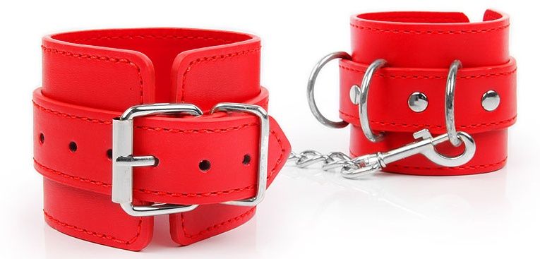 Великолепные наручники под кожу для любителей БДСМ-игр! В комплект входит прочная металлическая цепочка, которой при необходимости можно соединить изделия. Размер наручников регулируется с помощью ремней.
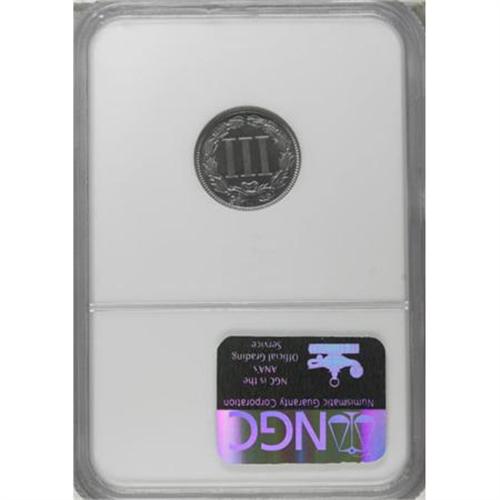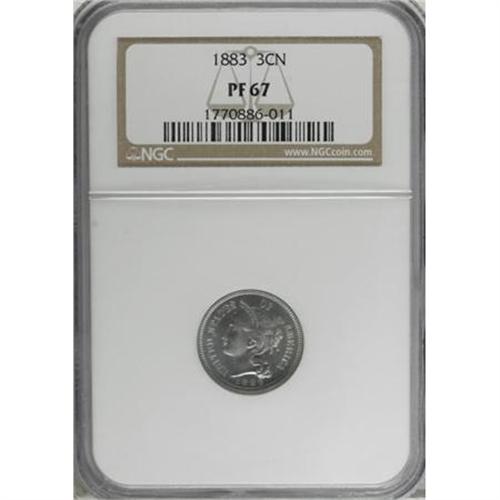 <B>1883 3CN PR67 NGC.</B></I> The 1883 proof three cent nickel issue is noted as the first of several which had mintages exceeding those of the business strikes with the same date. Delicate blue-green and periwinkle patina graces both sides of this enticing Superb Gem specimen. NGC has graded only five fiver pieces (8/07).<BR><BR><B>Coin Engraver:</B> James B. Longacre<BR><BR><b>Shipping:</b> Coins & Currency (<a target="_blank" href="http://www.heritageauctions.com/common/shipping.php">view shipping information</a>)
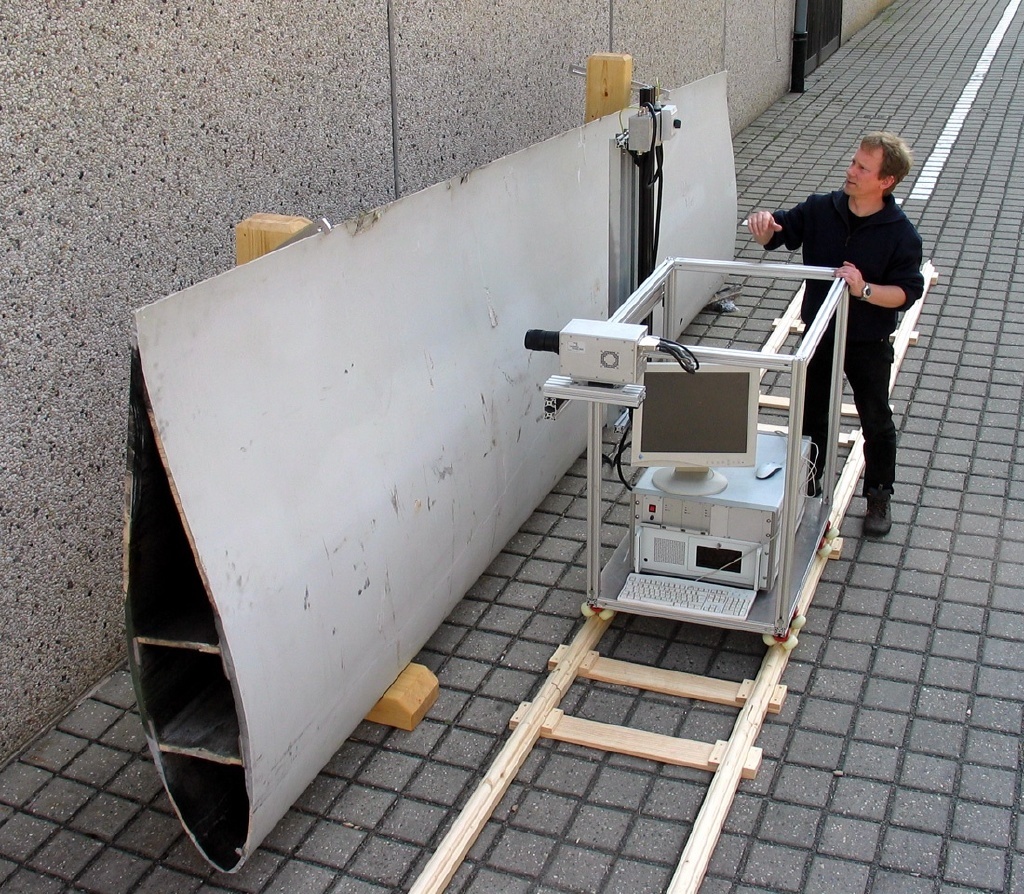Die zugrunde liegende Wärmeflussthermographie, die ursprünglich zur Qualitätskontrolle von Laminatfußböden entwickelt wurde, erläutert Peter Meinlschmidt, Physiker und Projektleiter am WKI: "Mit einem Heizstrahler, der auf einem rollenden Messwagen befestigt ist, erwärmen wir die Oberfläche des Rotorblattes oder die Tragfläche eines Segelflugzeugs. Kurz danach kommt eine Infrarotkamera, die das Wärmebild der Oberfläche filmt. Nachdem der Computer den Film ausgewertet hat, erkennen wir am Monitor Fehlstellen wie Blasen und andere Einschlüsse, Risse, Haftungs- und Klebefehler bis zu etwa einem Zentimeter Größe." Wesentlich dabei ist die dynamische Bildauswertung, denn es genügt nicht, einfach nur die Temperaturverteilung an der Oberfläche zu einem Zeitpunkt zu messen. Wärme neigt dazu, sich gleichmäßig zu verteilen. Auf dem Weg zu diesem Gleichgewichtszustand "verrät" sie Fehlstellen, die sich im Bauteil in bis zu einigen Zentimetern Tiefe "verstecken".
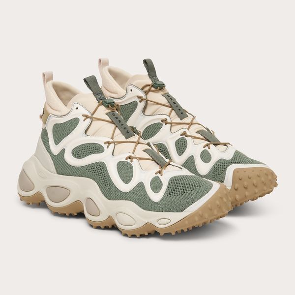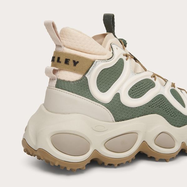 "The double-layered, asymmetrical TPUtoe cap not only gives the shoe visual depth, but also reinforces the structure at key points. With the curved Oakley Bark logo on the heel strap and tongue band, the EON Alpha is a symbol of Oakley's vision in footwear fashion for the next 50 years. This shoe is not only a fashion statement, but also a reliable companion for anyone who values comfort and style in equal measure."

ACTION ITEM: Pictures aside, return exactly the lines from the data above, starting at the line that has "<B>1883 3CN PR67" and ending at the line that has "Die zugrunde liegende", both included.

WRITTEN ANSWER:
 <B>1883 3CN PR67 NGC.</B></I> The 1883 proof three cent nickel issue is noted as the first of several which had mintages exceeding those of the business strikes with the same date. Delicate blue-green and periwinkle patina graces both sides of this enticing Superb Gem specimen. NGC has graded only five fiver pieces (8/07).<BR><BR><B>Coin Engraver:</B> James B. Longacre<BR><BR><b>Shipping:</b> Coins & Currency (<a target="_blank" href="http://www.heritageauctions.com/common/shipping.php">view shipping information</a>)
Die zugrunde liegende Wärmeflussthermographie, die ursprünglich zur Qualitätskontrolle von Laminatfußböden entwickelt wurde, erläutert Peter Meinlschmidt, Physiker und Projektleiter am WKI: "Mit einem Heizstrahler, der auf einem rollenden Messwagen befestigt ist, erwärmen wir die Oberfläche des Rotorblattes oder die Tragfläche eines Segelflugzeugs. Kurz danach kommt eine Infrarotkamera, die das Wärmebild der Oberfläche filmt. Nachdem der Computer den Film ausgewertet hat, erkennen wir am Monitor Fehlstellen wie Blasen und andere Einschlüsse, Risse, Haftungs- und Klebefehler bis zu etwa einem Zentimeter Größe." Wesentlich dabei ist die dynamische Bildauswertung, denn es genügt nicht, einfach nur die Temperaturverteilung an der Oberfläche zu einem Zeitpunkt zu messen. Wärme neigt dazu, sich gleichmäßig zu verteilen. Auf dem Weg zu diesem Gleichgewichtszustand "verrät" sie Fehlstellen, die sich im Bauteil in bis zu einigen Zentimetern Tiefe "verstecken".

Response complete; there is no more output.